UNPUBLISHED
UNITED STATES COURT OF APPEALS
FOR THE FOURTH CIRCUIT
No. 10-4041
UNITED STATES OF AMERICA,
Plaintiff - Appellee,
v.
EDNARD ANTOINE WALTERS, a/k/a Edward Antoine Walters,
Defendant - Appellant.
Appeal from the United States District Court for the Middle
District of North Carolina, at Greensboro. William L. Osteen,
Jr., District Judge. (1:08-cr-00469-WO-1)
Submitted: September 30, 2010 Decided: October 13, 2010
Before DAVIS and WYNN, Circuit Judges, and HAMILTON, Senior
Circuit Judge.
Affirmed by unpublished per curiam opinion.

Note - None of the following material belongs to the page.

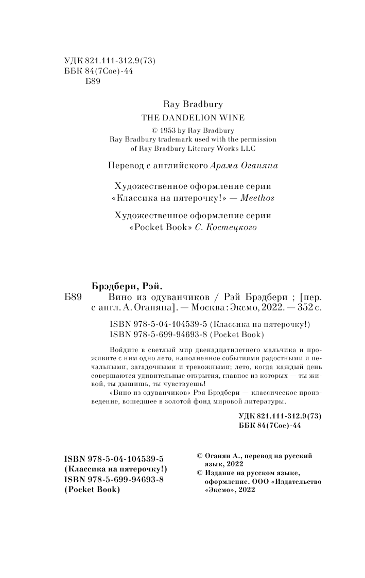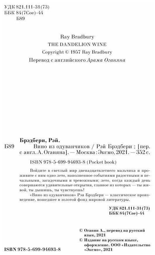 Книга: Вино из одуванчиков (Брэдбери Рэй , Оганян Арам (переводчик)); Эксмо, 2017

Louis C. Allen, Federal Public Defender, John A. Dusenbury, Jr.,
Assistant Federal Public Defender, Greensboro, North Carolina,
for Appellant. Anand P. Ramaswamy, Assistant United States
Attorney, Anna Mills Wagoner, OFFICE OF THE UNITED STATES
ATTORNEY, Greensboro, North Carolina, for Appellee.
Unpublished opinions are not binding precedent in this circuit.
PER CURIAM:
Ednard Antoine Walters pled guilty to one count of
possession with intent to distribute cocaine base, in violation
of 21 U.S.C. § 841(a)(1), (b)(1)(B) (2006), and one count of
possession of a firearm in furtherance of a drug trafficking
crime, in violation of 18 U.S.C. § 924(c)(1)(A)(i) (2006), and
was sentenced to the statutory minimum sentence for each
conviction. On appeal, Walters’ counsel filed a brief pursuant
to Anders v. California, 386 U.S. 738 (1967), certifying there
were no meritorious arguments for appeal but raising for the
court’s consideration whether the disparity in the statutory
sentencing scheme regarding the treatment of those convicted of
crack cocaine offenses violates his right to due process when
compared to sentences for powder cocaine. Walters was given the
opportunity to file a pro se supplemental brief, but declined.
The Government did not file a brief. Finding no error, we
affirm.
Our review of the plea agreement and the Rule 11
hearing leads us to conclude that Walters’ guilty pleas were
knowing and voluntary. Accordingly, we affirm his convictions.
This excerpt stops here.